TASK DIRECTIONS:
Produce as output only the lines below starting at the line with "Прилавок для приборов" and continuing through the line with "Conditions pour le", each one exactly as written.

RECORD SET:

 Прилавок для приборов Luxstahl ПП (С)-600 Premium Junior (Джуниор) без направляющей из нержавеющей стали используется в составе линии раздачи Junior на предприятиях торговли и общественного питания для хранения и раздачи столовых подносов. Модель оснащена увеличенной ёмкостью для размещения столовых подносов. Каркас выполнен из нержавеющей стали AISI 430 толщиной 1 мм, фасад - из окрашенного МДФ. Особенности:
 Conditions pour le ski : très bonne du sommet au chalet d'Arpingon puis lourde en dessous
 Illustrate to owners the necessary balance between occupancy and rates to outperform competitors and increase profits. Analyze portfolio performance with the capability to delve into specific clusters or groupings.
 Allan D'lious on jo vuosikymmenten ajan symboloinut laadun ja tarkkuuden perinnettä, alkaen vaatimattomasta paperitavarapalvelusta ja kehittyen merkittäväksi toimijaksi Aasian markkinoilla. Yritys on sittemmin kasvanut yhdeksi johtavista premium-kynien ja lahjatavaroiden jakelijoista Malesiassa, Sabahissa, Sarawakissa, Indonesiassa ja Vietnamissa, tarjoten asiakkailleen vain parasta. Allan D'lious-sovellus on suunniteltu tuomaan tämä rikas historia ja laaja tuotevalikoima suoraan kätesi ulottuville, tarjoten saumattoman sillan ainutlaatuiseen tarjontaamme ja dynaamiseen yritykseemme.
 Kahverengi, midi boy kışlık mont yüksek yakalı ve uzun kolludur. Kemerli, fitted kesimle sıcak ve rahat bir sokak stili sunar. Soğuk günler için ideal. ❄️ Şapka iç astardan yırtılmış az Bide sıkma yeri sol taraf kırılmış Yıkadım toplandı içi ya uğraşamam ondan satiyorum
---
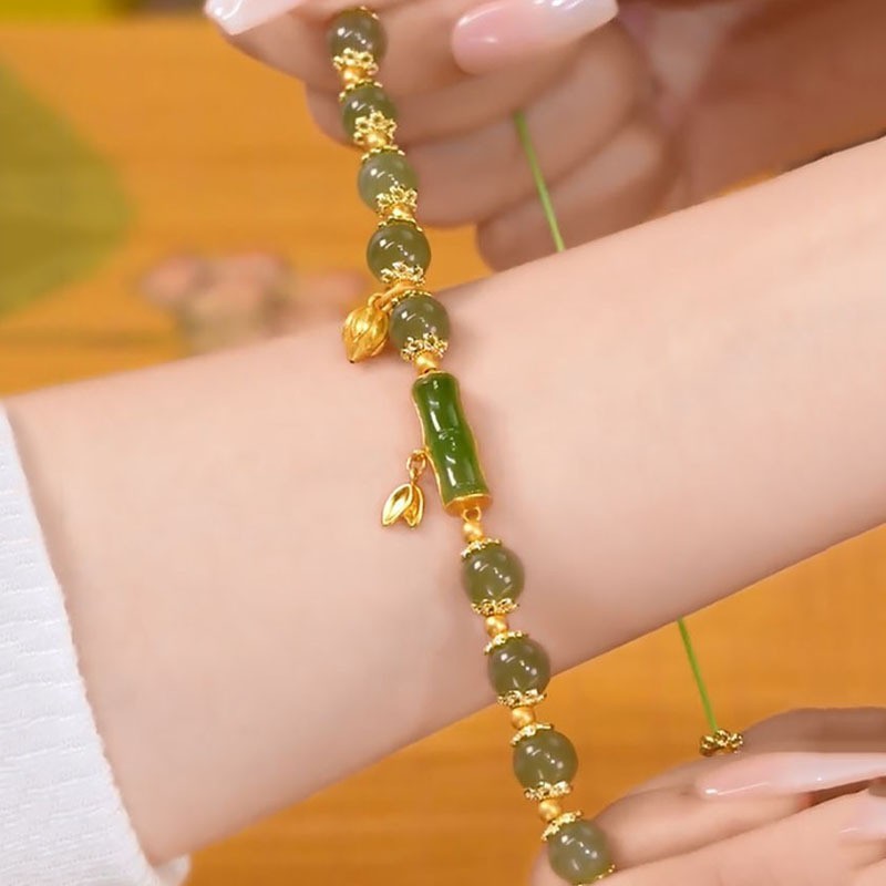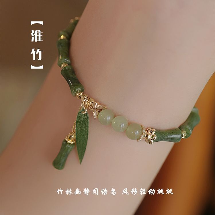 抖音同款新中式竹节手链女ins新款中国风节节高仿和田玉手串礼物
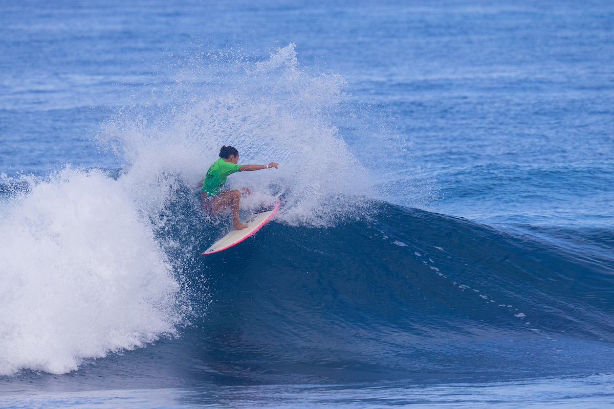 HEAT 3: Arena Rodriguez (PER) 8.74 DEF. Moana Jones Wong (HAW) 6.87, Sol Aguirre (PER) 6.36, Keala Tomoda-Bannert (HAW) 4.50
--
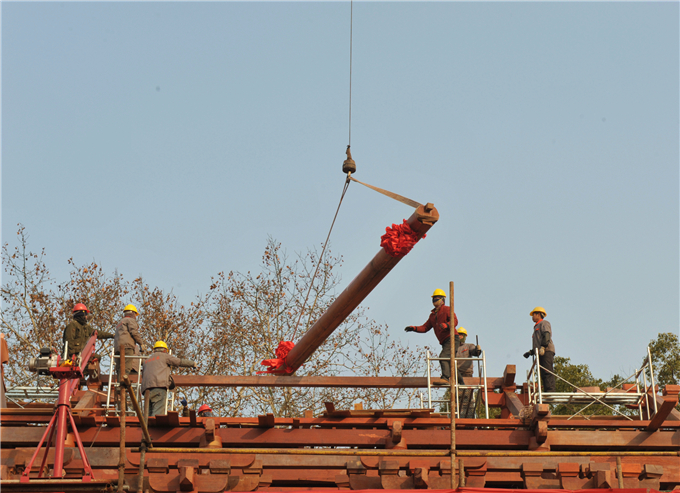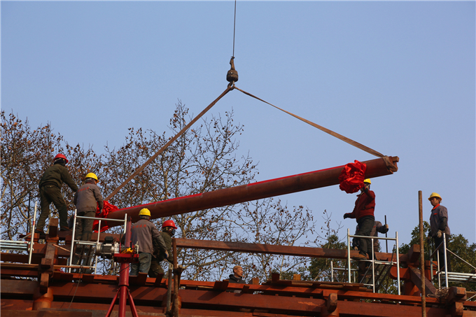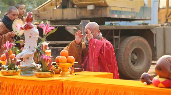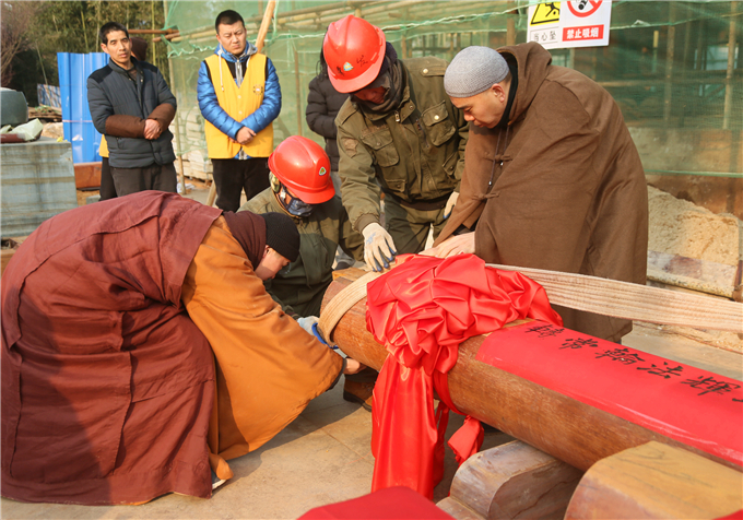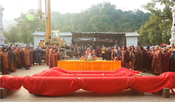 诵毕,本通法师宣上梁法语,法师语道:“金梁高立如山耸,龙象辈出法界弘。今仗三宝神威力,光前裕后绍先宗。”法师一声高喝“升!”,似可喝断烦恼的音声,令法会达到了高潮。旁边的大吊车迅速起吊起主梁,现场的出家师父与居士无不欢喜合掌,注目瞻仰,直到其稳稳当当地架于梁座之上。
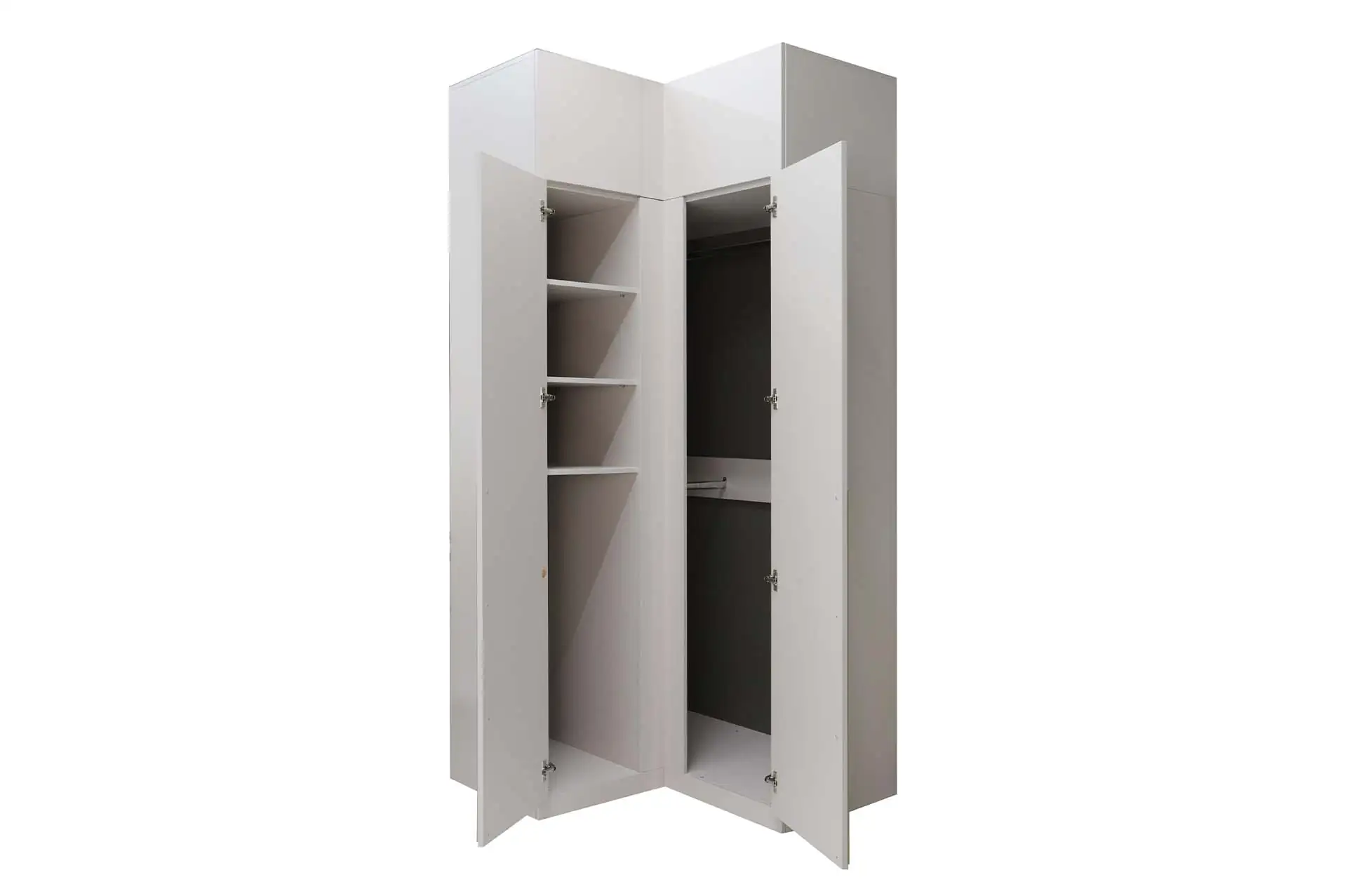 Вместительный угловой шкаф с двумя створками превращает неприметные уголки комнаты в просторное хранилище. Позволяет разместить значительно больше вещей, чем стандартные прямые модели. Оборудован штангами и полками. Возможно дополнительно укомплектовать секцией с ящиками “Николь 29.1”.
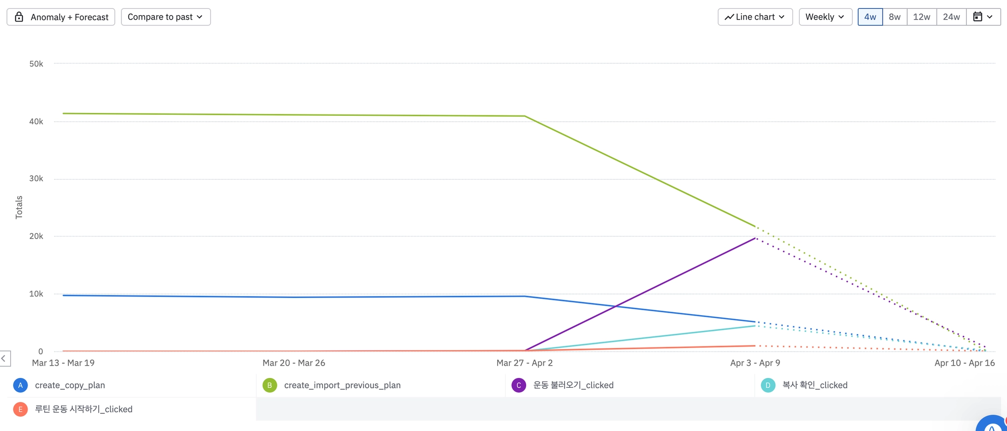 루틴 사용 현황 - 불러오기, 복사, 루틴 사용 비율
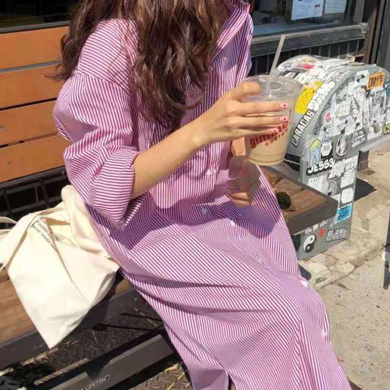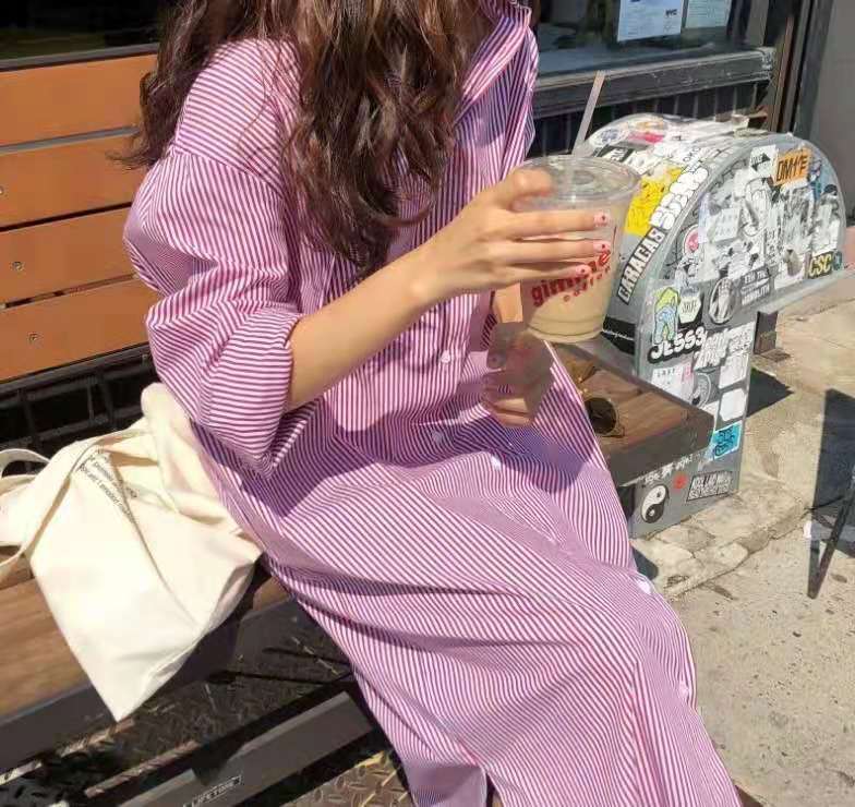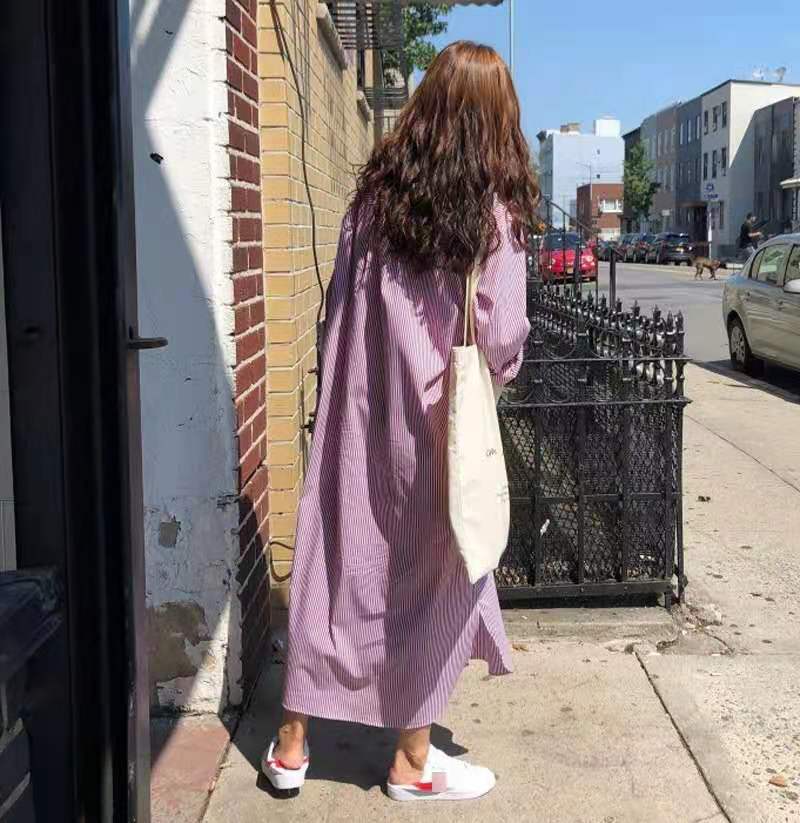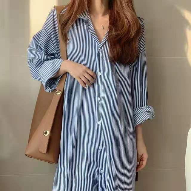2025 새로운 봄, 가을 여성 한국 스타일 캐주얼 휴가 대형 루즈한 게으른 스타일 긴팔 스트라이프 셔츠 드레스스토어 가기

RESPONSE TO THIS EXERCISE:
 Прилавок для приборов Luxstahl ПП (С)-600 Premium Junior (Джуниор) без направляющей из нержавеющей стали используется в составе линии раздачи Junior на предприятиях торговли и общественного питания для хранения и раздачи столовых подносов. Модель оснащена увеличенной ёмкостью для размещения столовых подносов. Каркас выполнен из нержавеющей стали AISI 430 толщиной 1 мм, фасад - из окрашенного МДФ. Особенности:
 Conditions pour le ski : très bonne du sommet au chalet d'Arpingon puis lourde en dessous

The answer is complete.